Byron Villarias

No. 51 – Basilan Steel
- Position: Shooting guard / Small forward
- League: MPBL

Personal information
- Born: February 25, 1988 (age 38) Silay, Negros Occidental, Philippines
- Nationality: Filipino
- Listed height: 6 ft 0 in (1.83 m)

Career information
- College: JRU
- PBA draft: 2013: 5th round, 41st overall pick
- Drafted by: Talk 'N Text Tropang Texters
- Playing career: 2014–present

Career history
- 2014–2015: NLEX Road Warriors
- 2018–2020: Bataan Risers
- 2021–2025: Nueva Ecija Rice Vanguards / Capitals
- 2026–present: Basilan Steel

Career highlights
- MPBL champion (2022); MPBL Finals MVP (2022); FilBasket champion (Summer 2022);

= Byron Villarias =

Filipino basketball player

John Byron "Toto" Villarias (born February 25, 1988) is a Filipino professional basketball player for the Basilan Steel of the Maharlika Pilipinas Basketball League (MPBL).

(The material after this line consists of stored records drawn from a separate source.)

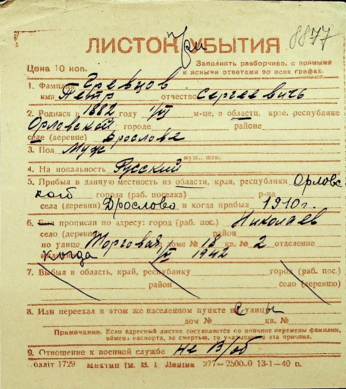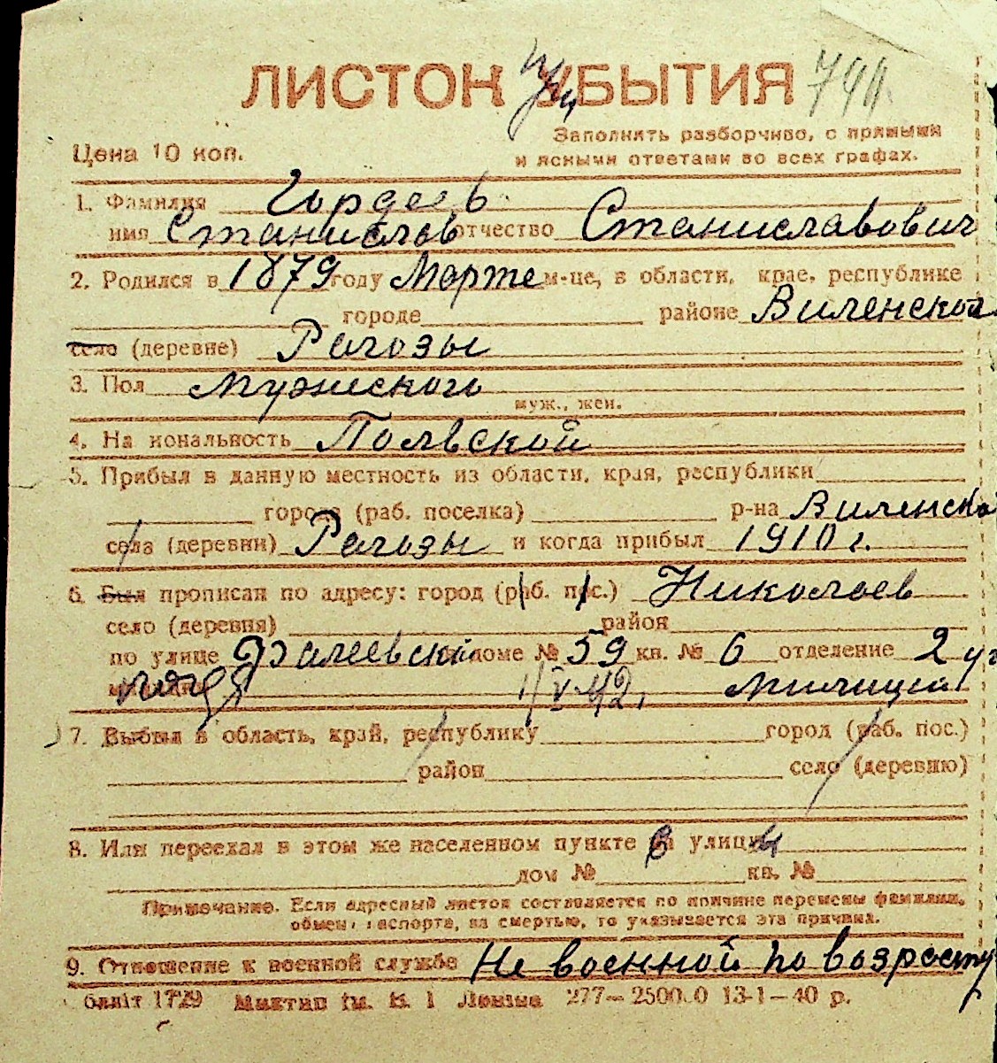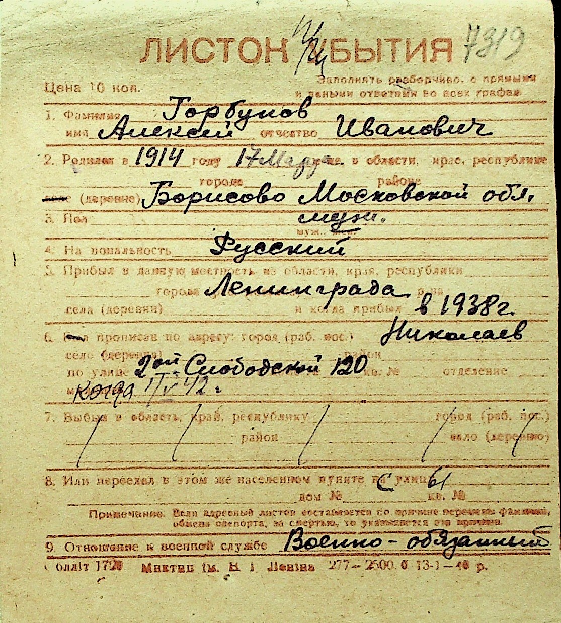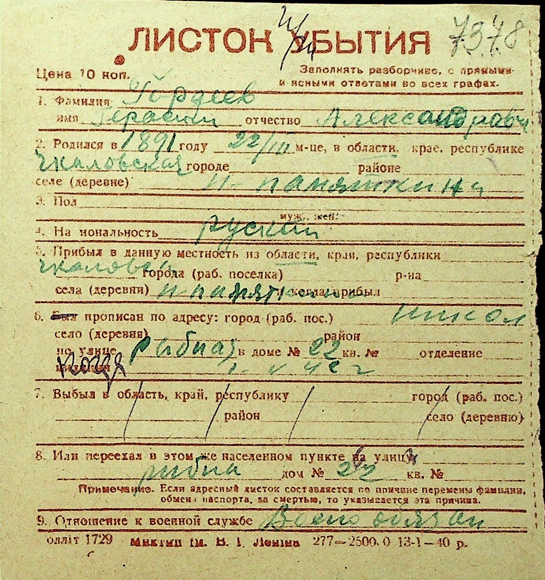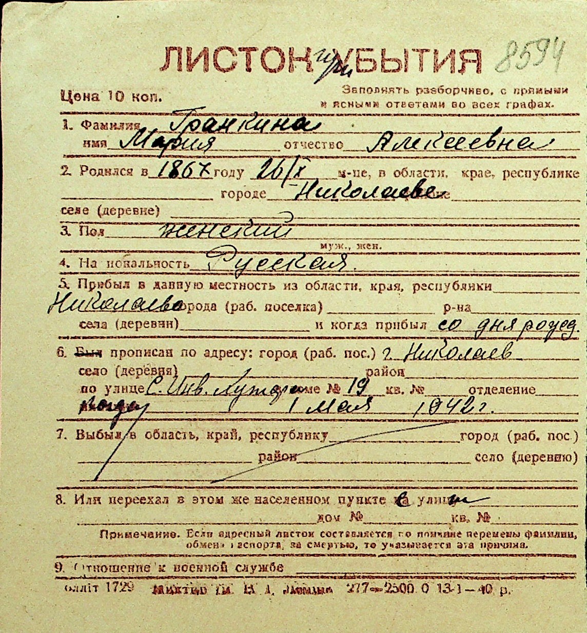• • Перелік карток до фонду № Н-1016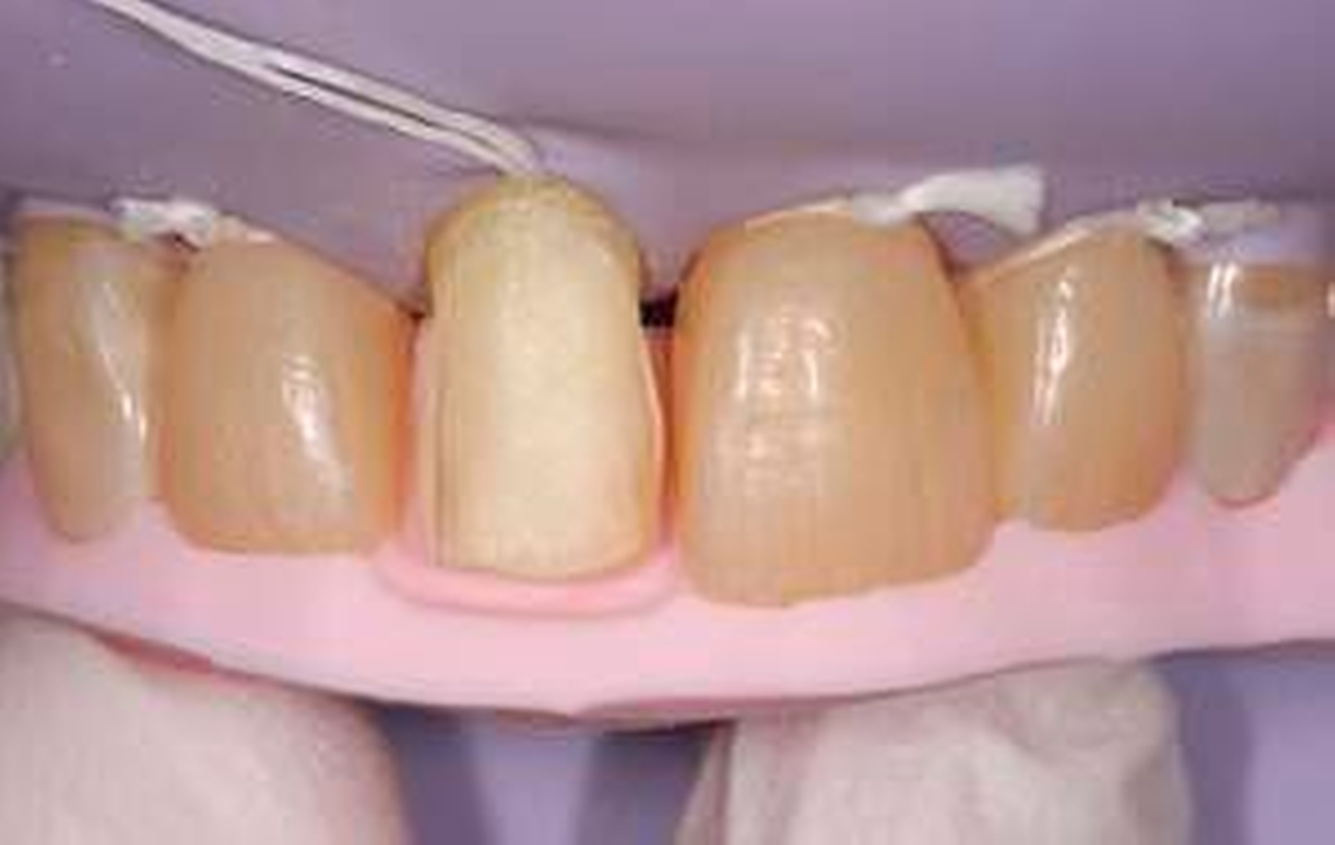 Geringe Überschüsse im palatinalen oder approximalen Bereich wurden mit einem Skalpell entfernt. Die so entstandene palatinale Wand erreichte inzisal möglichst exakt die gewünschte Ausdehnung der Restauration, sollte aber approximal noch keinen Kontakt zum Nachbarzahn haben.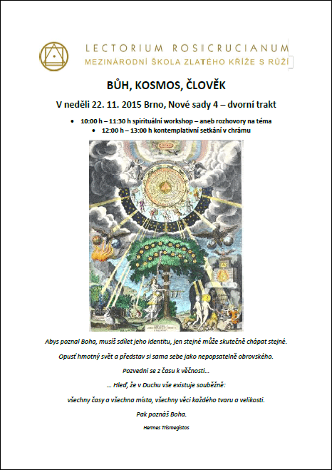 Zveme Vás na spirituální workshop na téma BŮH, KOSMOS, ČLOVĚK, v neděli 22. listopadu 2015, od 10:00 hodin v brněnském centru Lectoria Rosicrucianum na Nových sadech 4. Od 12:00 hodin bude workshop završen kontemplativním setkáním v chrámu.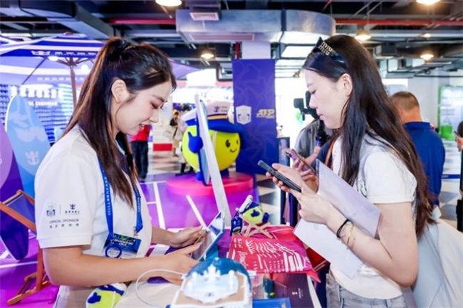 除了观赛体验之外,皇家加勒比还在冠名的“皇家加勒比大师训练场”,为观众提供专属互动环节以及船票福利。作为今年焕新升级的训练场,粉丝们不仅在皇家加勒比大师训练场近距离观看了诺瓦克·德约科维奇、扬尼克·辛纳、亚历山大·兹维列夫等网坛巨星的赛前热身训练;更有幸运观众在皇家加勒比特别设置的“PLAY WITH PRO和大师挥拍”环节中,与喜爱的球星面对面切磋球技,在精彩回合中珍藏与世界顶级高手对打的难忘时刻。训练场内,皇家加勒比还带来了“ACE YOUR VACATION命中精彩假期”挑战、“PLAY BIG大球拍”等趣味互动,精心搭建的“海洋光谱号”大型船模也吸引众多观众打卡留念。此外,皇家加勒比每日还为现场观众送出一张“海洋光谱号”2026年航季家庭阳台房船票,将球迷对网球的热爱延伸至海上假期。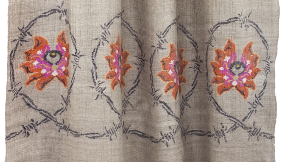 Cashmere scarfs are usually embroidered with flowers and birds, but the artists Mahum Shabir and Mir Suhail wanted to challenge conventional representations of Kashmir and its crafts by designing scarfs with barbed wire and guns.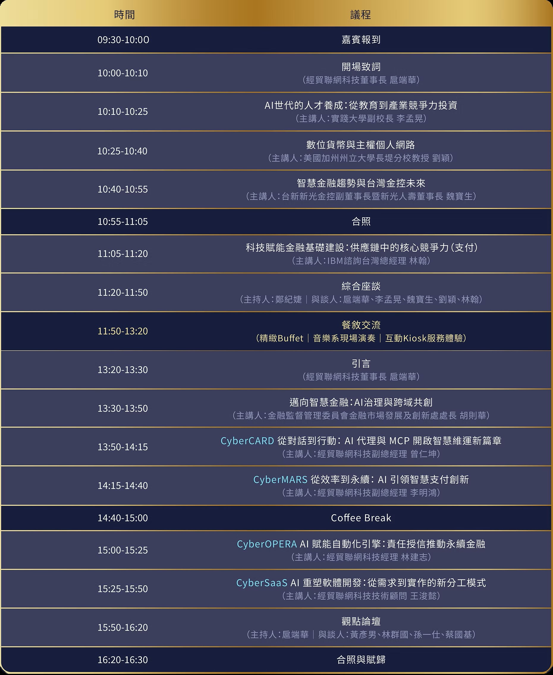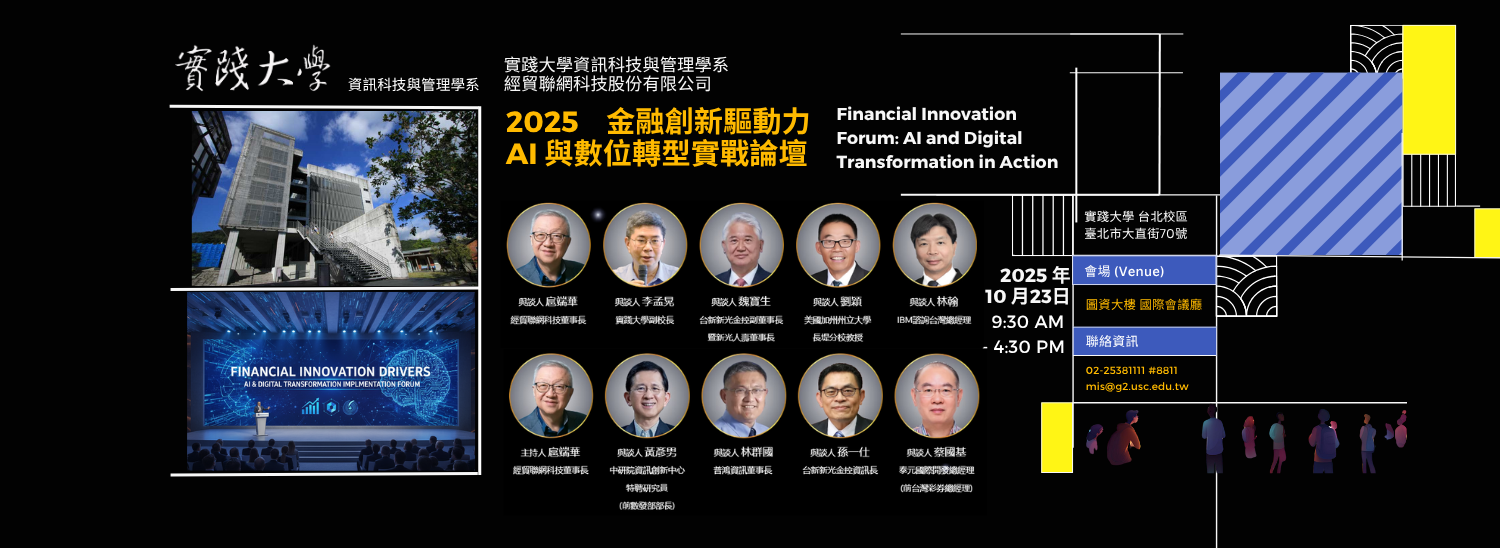 2025 金融創新驅動力 :AI 與數位轉型實戰論壇AI 已成為金融數位轉型的核心引擎本論壇將探討如何以 AI 提升數位金融與資訊管理效率,與前瞻永續金融與智慧應用的發展趨勢。論壇匯聚產官學界與支付產業代表,分享實戰經驗與產業洞見,協助您掌握 AI 賦能下的競爭優勢與創新契機。舉辦時間:2025年10月23日 09:30-16:30舉辦地點:實踐大學 N棟B2 國際會議廳 |
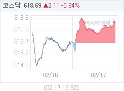 2017년 02월 17일 코스닥 지수는 2.12p (0.34%) 상승한 618.70로 마감했습니다.금일 (2시40분 기준) 코스닥 주요 상승 종목은 코디엠,국일제지,세한엔에스브이이며, 코스닥 주요 하락 종목은 프리젠,삼원테크,엠벤처투자입니다.아경봇 기자 r2@asiae.co.kr<ⓒ세계를 보는 창 경제를 보는 눈, 아시아경제(www.asiae.co.kr) 무단전재 배포금지>
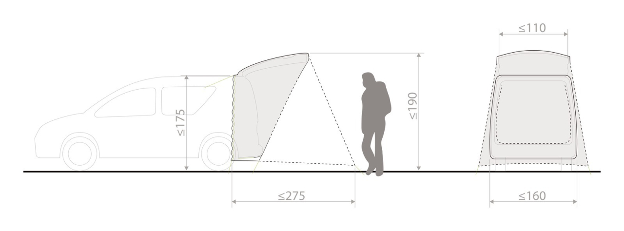 L’idée est aussi simple que géniale : Drive Trunk permet de transformer le hayon du coffre et tout l’espace situé dessous et derrière en un vaste auvent, et ce en un rien de temps ! Associé à l’habitacle du coffre lui-même, un espace généreux est créé pour dormir, cuisiner et passer un moment convivial à plusieurs. D’un usage particulièrement polyvalent, Drive Trunk est compatible avec différents types de véhicule grâce à sa construction de tendeur sophistiquée. Il peut ainsi être monté auprès de la plupart des modèles courants de breaks et SUV, pour transformer ta bonne vieille voiture en un « mobile home ». Le hayon ouvert constitue ici l’élément porteur de la construction de tente et permet ainsi de se changer aisément, voire de prendre une douche en station debout à l’abri des regards. La place disponible dans l’auvent offre suffisamment d’espace de rangement, voire de cuisiner et de manger avec deux chaises et une petite table. Ce produit est imperméabilisé avec la finition Eco Finish, écologique et sans fluorocarbures (PFC). Le label Green Shape de VAUDE garantit un produit écologique, fonctionnel et fabriqué dans des matériaux durables.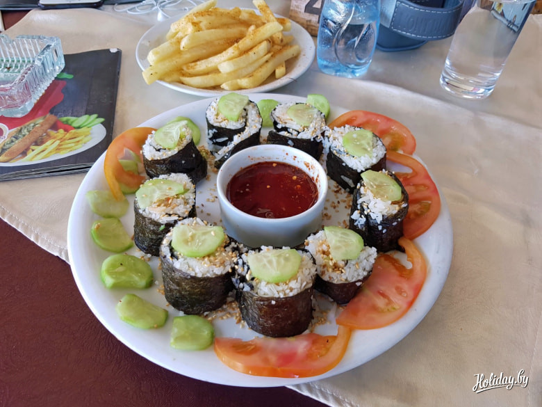 В окрестностях парка есть два хороших ресторана домашней палестинской кухни «Matoug» и «Zad al-Khayr»: в обоих есть меню на английском языке, а последний работает даже в пятницу, когда почти все другие заведения закрыты. Ещё рядом со зданием Палестинского законодательного совета, т.е. местного парламента (в самом начале парка), есть ресторан «Kazameza». Это единственное место в Секторе, где можно поесть суши (а я их обожаю!). Не без иронии, конечно, потому что суши там своеобразные, начинка зависит от наличия ингредиентов, рис рассыпается, нори липнет к палочкам и всё это нужно суметь макнуть в густой соус барбекью.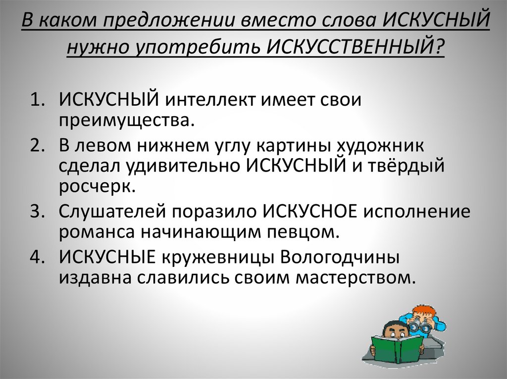 В каком предложении вместо слова ИСКУСНЫЙнужно употребить ИСКУССТВЕННЫЙ?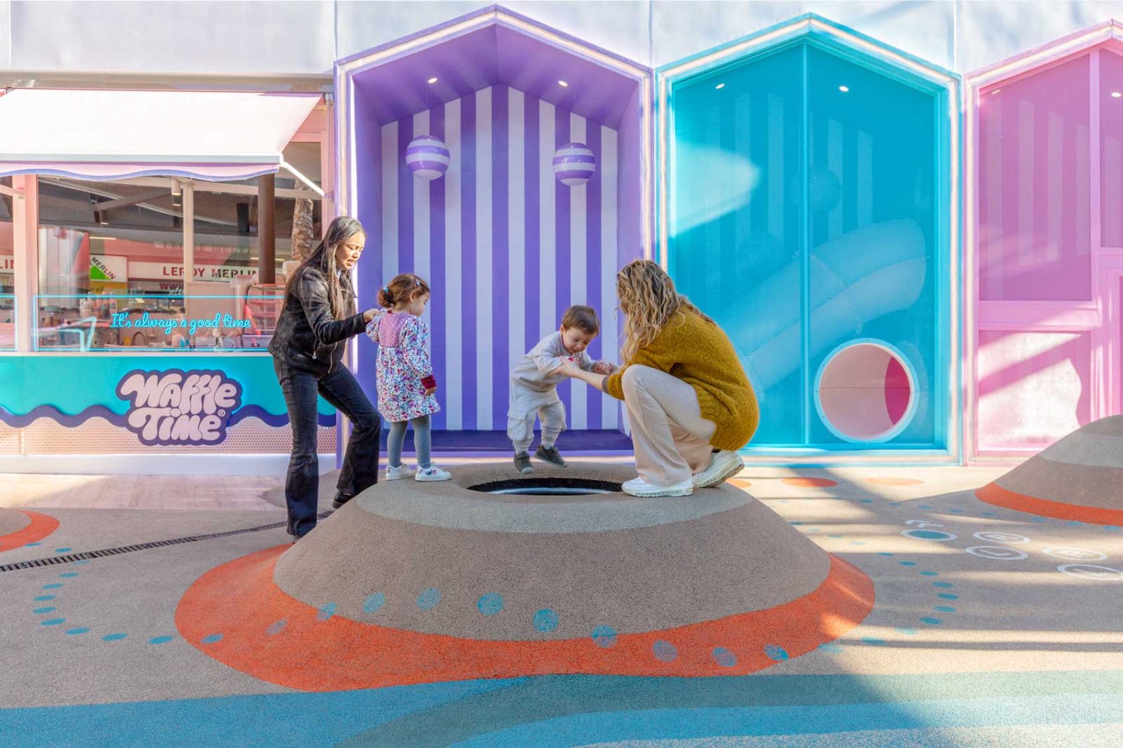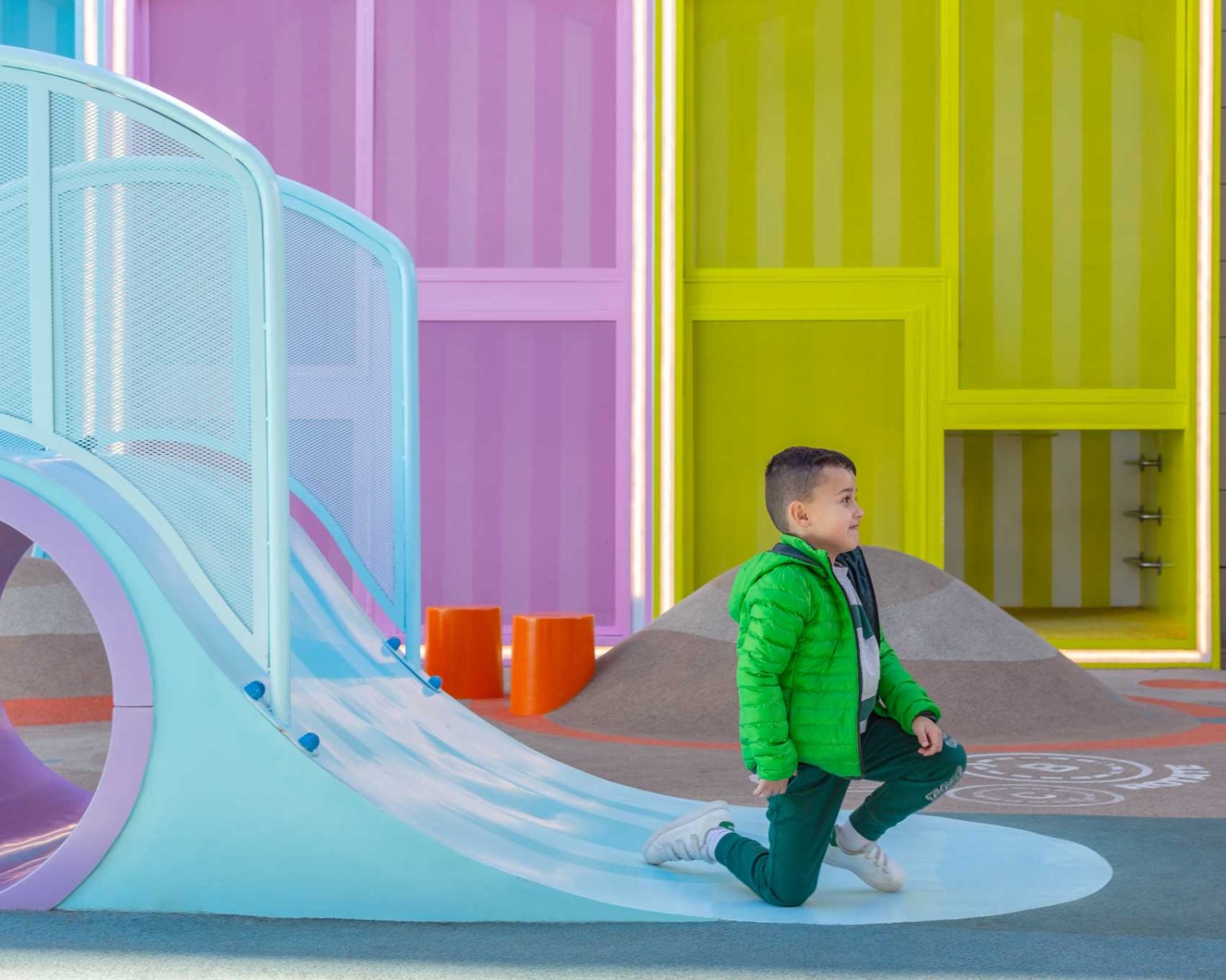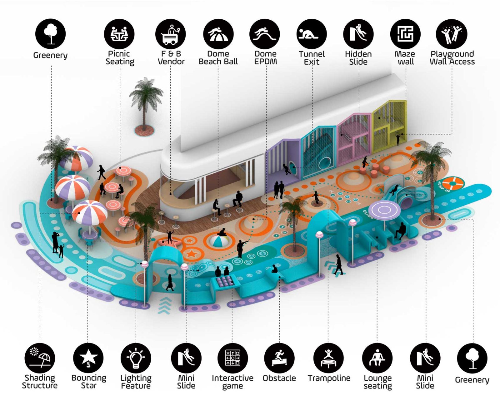 Los pavimentos y los objetos están dispuestos en diferentes franjas circulares que irradian desde el centro geométrico del círculo perfecto que inscriben, donde cada franja ofrece comodidades fáciles de usar, que incluyen trampolines ocultos y gráficos en el piso, así como elementos volumétricos como toboganes, cintas y asientos.

After playing college ball with José Rizal University, he was selected with the 41st pick of the 2013 PBA draft by the Talk 'N Text Tropang Texters, but didn't get much playing time throughout his stint in the Philippine Basketball Association (PBA).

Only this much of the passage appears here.